The other G-7 currencies all bite the dust – first. They have all been “played like a fiddle”.
“To be an enemy of the United States can be dangerous. To be its friend is fatal”
— Henry Kissinger (Architect of the PetroDollar)
Captain Ahab
Captain Ahab
1 year ago
Reply to  Tony Bennett
Ditto on the Japanese Swan. I don’t rule out the Fed Swan.

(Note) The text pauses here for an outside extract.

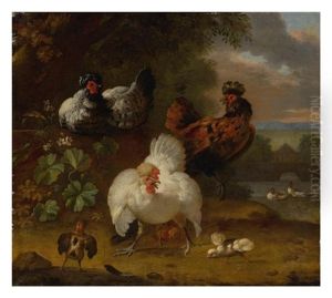 Hens, Chickens, A Dove And A Bird Of Prey In A Landscape

The lower and longer the i-rate, the more irate the situation.
CRZYHUN
CRZYHUN
1 year ago
Too grim even for a nightmare. Just read and watched ‘global depression threat’. IT is either a double martini or a bullet to the head. Sorry.
MarkraD
MarkraD
1 year ago
Soros, 2013 ….again?
I’m a peon retail investor, when something looks obvious to me, I wager I don’t know the full story.
.
HippyDippy
HippyDippy
1 year ago
Reply to  MarkraD
I’m an ex-stock broker. You’re absolutely right about that.
MarkraD
MarkraD
1 year ago
Reply to  HippyDippy
I assume you’re familiar with Hulbert’s strategy & logic.
HippyDippy
HippyDippy
1 year ago
Reply to  MarkraD
Nope. I went mostly to the churn them and burn them school of stocks. It’s a far more brutal and non-profitable world than you might imagine.
MarkraD
MarkraD
1 year ago
Reply to  HippyDippy
At ground level, assume 50% of market advice is intentionally misleading, of the other honest 50%, half are mistaken.
Contrarian.
.
TexasTim65
TexasTim65
1 year ago
Reply to  MarkraD
Doesn’t that still just equal out to 50% of advice is wrong?

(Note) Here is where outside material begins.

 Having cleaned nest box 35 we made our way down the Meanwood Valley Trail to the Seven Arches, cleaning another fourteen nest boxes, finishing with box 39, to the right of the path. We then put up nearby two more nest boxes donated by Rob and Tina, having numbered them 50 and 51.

Of the honest 50%, half are mistaken (1/2 of 50% = 25%)
Of the dishonest 50%, half should also be mistaken (unless you somehow believe dishonest people are better at market predictions than honest ones so by accident they’d steer you right by trying to steer you wrong – LOL) (1/2 of 50% = 25%)

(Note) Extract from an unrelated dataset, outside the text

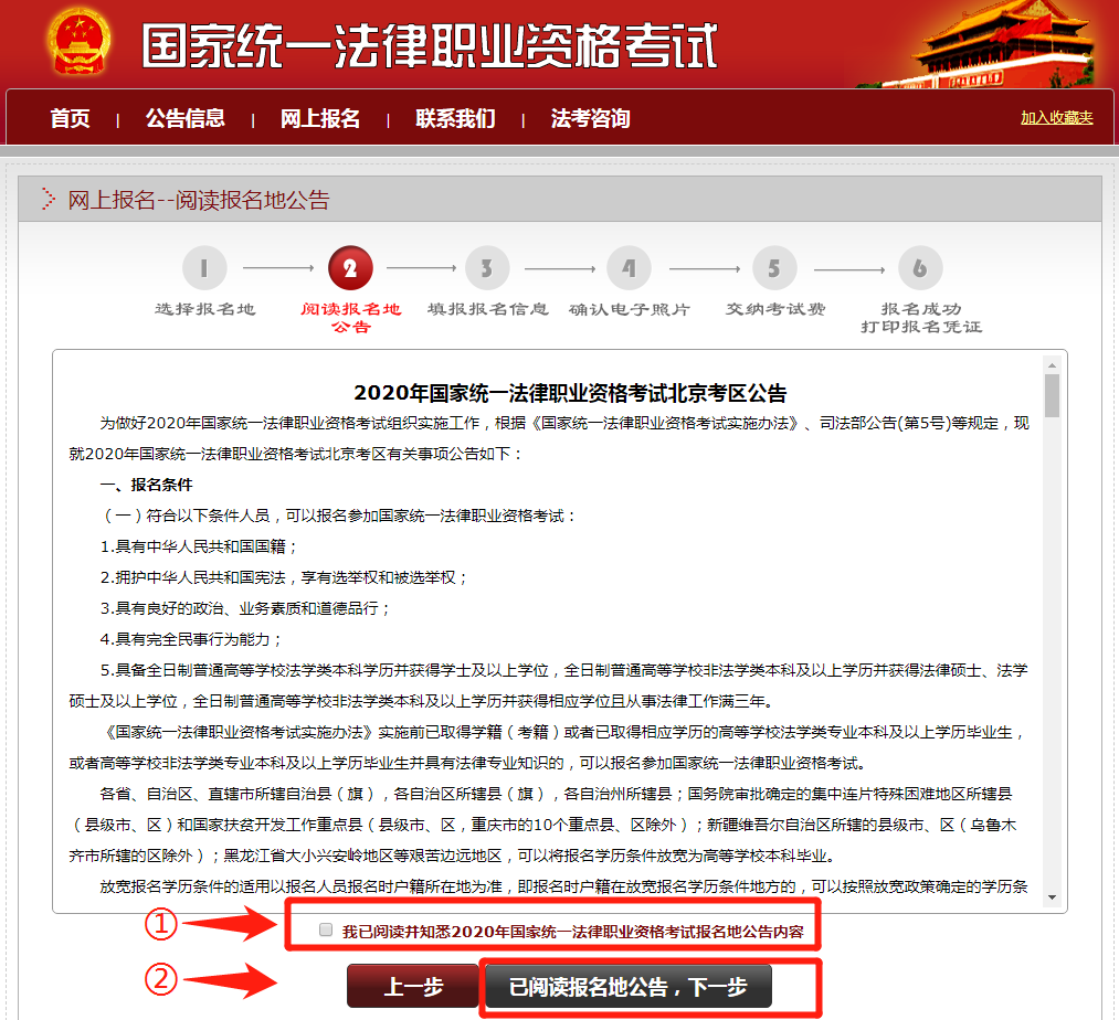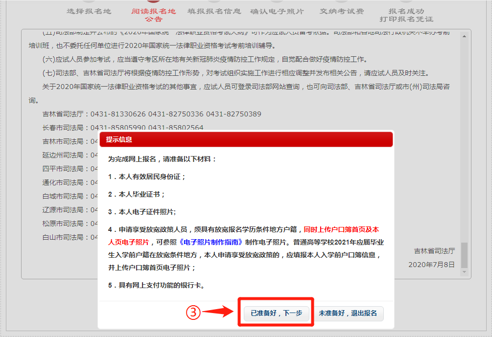 閱讀報(bào)名地公告界面,先勾選①“已閱讀并知悉……公告內(nèi)容”,→ 點(diǎn)擊②“我已閱讀報(bào)名地公告,下一步”,→點(diǎn)擊③“已準(zhǔn)備好,下一步”。

25% + 25% = 50% so essentially half of all advice is wrong.
HippyDippy
HippyDippy
1 year ago
Reply to  TexasTim65
Well, we always found all our advice to be profitable. However, the longer you keep your account with a broker, the smaller your pile of money gets. Ultimately, they’ll get it all. Markets are already rigged anyway. A whole lot easier to make your own money, rather than rely on a rigged system to generate your wealth. Wall Street has mostly profited by stealing from main Street.
MarkraD
MarkraD
1 year ago
Reply to  TexasTim65
Half are misleading – intentionally wrong. Think back to institutional investment banks telling the public CDO’s were perfectly safe, or
Of the other half, half are mistaken.